When I plug in the camera, i get this in the log:

```

Feb  7 13:04:16 [kernel] hub.c: USB new device connect on bus1/2, assigned device number 3

Feb  7 13:04:16 [kernel] usb.c: USB device 3 (vend/prod 0x54c/0x4e) is not claimed by any active driver.

Feb  7 13:04:19 [/etc/hotplug/usb.agent] Setup usbcam for USB product 54c/4e/120

Feb  7 13:04:19 [/etc/hotplug/usb.agent] Module setup usbcam for USB product 54c/4e/120

Feb  7 13:04:29 [kernel] Initializing USB Mass Storage driver...

Feb  7 13:05:03 [kernel] usb.c: USB disconnect on device 3

Feb  7 13:06:09 [kernel] usbdevfs: process 5261 (lsusb) did not claim interface 0 before use

Feb  7 13:06:14 [kernel] usbdevfs: process 5262 (lsusb) did not claim interface 0 before use

```

Obviously, i'm missing a essential step, but I can't figure out wich what.

----------

## Ian Goldby

I have this working with my Casio.
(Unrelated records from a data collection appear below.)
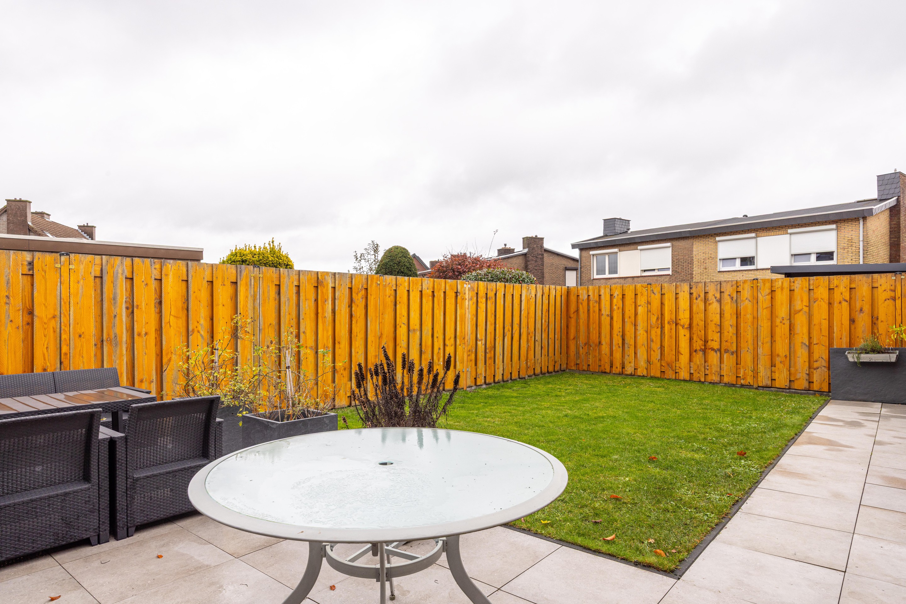 Verder naar achteren ligt een verzorgd stuk gazon dat zorgt voor een groene uitstraling en waar kinderen fijn kunnen spelen. De tuin is volledig omsloten met een nette erfafscheiding, wat zorgt voor veel privacy en een beschut gevoel. Dankzij de gunstige ligging kun je hier de hele dag door van de zon genieten.
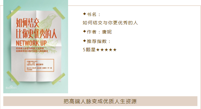 每個(gè)人都希望自己的學(xué)習(xí)、生活圈中能接觸到那些比自己更優(yōu)秀的人,讓自己變得更優(yōu)秀。而實(shí)際上并非如人所愿,每天在期望著卻并未去行動(dòng),最終只會(huì)讓自己離優(yōu)秀越來越遠(yuǎn)。并且悔恨時(shí)間過的太快,卻從未好好反思如何利用好當(dāng)下自己的亮點(diǎn),及時(shí)抓住機(jī)會(huì)時(shí)刻關(guān)注可以與優(yōu)秀的人結(jié)交機(jī)會(huì),亦或者不斷提升自己的各方面能力,讓自己變的更優(yōu)秀.我們?cè)谌粘5娜嗣}搭建中,時(shí)常會(huì)進(jìn)入“不敢”“不愿”“不會(huì)”的三大誤區(qū),是什么情況又該如何解決呢?不敢,是因?yàn)槲覀儾粔蜃孕牛貏e是向上結(jié)交。常常認(rèn)為別人比我們優(yōu)秀的多,我們不敢開口,錯(cuò)失機(jī)會(huì)。那就是要解決我們不自信的問題,如何讓自己變得自信,這是一個(gè)大話題??舍槍?duì)我們不自信的方面(口語表達(dá)、邏輯分析等)找出自身的原因,并找到解決的方法。另外這本書,我比較深刻的地方是,一個(gè)人不管是事業(yè)的成功還是生活的歡樂,80%歸因于和別人相處,20%才是來自自己的心靈。我也像作者康妮提到那樣一類人一樣,在手機(jī)通訊錄里躺著很多聯(lián)系人名字和號(hào)碼,有好多我真的想不出都是誰,長什么樣子,包括朋友圈一樣,這些聯(lián)系人都是我們?nèi)粘?梢跃S護(hù)或者找到學(xué)習(xí)亮點(diǎn)的人。通過這本書的學(xué)習(xí),讓我認(rèn)識(shí)到,一定要學(xué)會(huì)管理自己的聯(lián)系人,使他們成為自己的深度好友,還要學(xué)會(huì)連接優(yōu)秀的人,不過,了解結(jié)交更優(yōu)秀的人的方法和技巧,只是改變的第一步。要想成為人脈達(dá)人,還要在實(shí)際生活中刻意練習(xí),及時(shí)總結(jié)經(jīng)驗(yàn)教訓(xùn)。
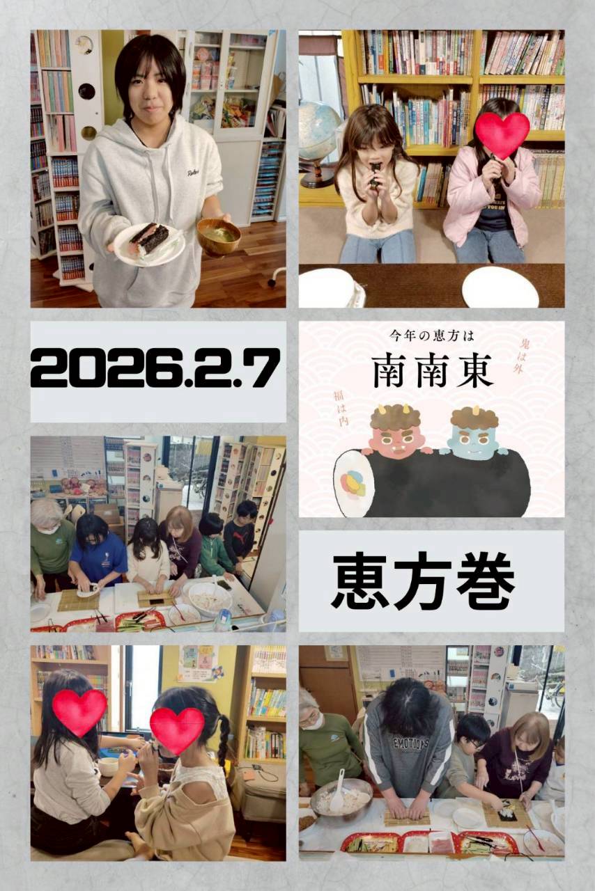 恵方巻、今年は…南南東!2月7日土曜日のランチは、好きな具を選んでくるくる巻いて…みんなでもぐもぐ。今年も健康で、楽しい一年が過ごせますように―

My notes on how I managed this are a bit sketchy, but this may help:

Vaguely relevant kernal config:

```
CONFIG_HOTPLUG=y

CONFIG_BLK_DEV_IDESCSI=m

CONFIG_SCSI=y

CONFIG_BLK_DEV_SD=m

CONFIG_SD_EXTRA_DEVS=40

CONFIG_BLK_DEV_SR=m

CONFIG_BLK_DEV_SR_VENDOR=y

CONFIG_SR_EXTRA_DEVS=2

CONFIG_CHR_DEV_SG=m

CONFIG_SCSI_DEBUG_QUEUES=y

CONFIG_SCSI_CONSTANTS=y

CONFIG_FAT_FS=y

CONFIG_VFAT_FS=y

CONFIG_USB=y

CONFIG_USB_DEVICEFS=y

CONFIG_USB_UHCI_ALT=y

CONFIG_USB_STORAGE=m
```

Probably not all of those are necessary, and I'm not certain I've not missed anything, but if it helps, so much the better. There may be some entries needed in modules.conf, but I didn't have to change anything there. The IDE-SCSI might be for my CDRW and not needed for the camera. I'm pretty sure you need the FAT/VFAT bits though to read the DOS-format of the camera 'disk'.

----------

## taskara

I know this sounds stupid, but I read something about looking under /proc for usb devices...

at least you coudl 

```
cat /proc/usb/devices
```

 or something like that..

----------

## lsiden

Not stupid at all!  It's actually "cat /proc/bus/usb/devices", and on my sys it yields:

 *Quote:*   

> T:  Bus=01 Lev=00 Prnt=00 Port=00 Cnt=00 Dev#=  1 Spd=12  MxCh= 2
> 
> B:  Alloc=  0/900 us ( 0%), #Int=  0, #Iso=  0
> 
> D:  Ver= 1.00 Cls=09(hub  ) Sub=00 Prot=00 MxPS= 8 #Cfgs=  1
> ...

  which isn't pleasant to read, I'll admit, but if you look closely, you'll see  *Quote:*   

> S:  Manufacturer=STMicroelectronics
> 
> S:  Product=USB Dual-mode Camera

  which looks like pay-dirt.

Now I'm not out of the woods yet, b/c nothing appears under /dev/usb for this device.  devfsd obviously fails to recognize anything.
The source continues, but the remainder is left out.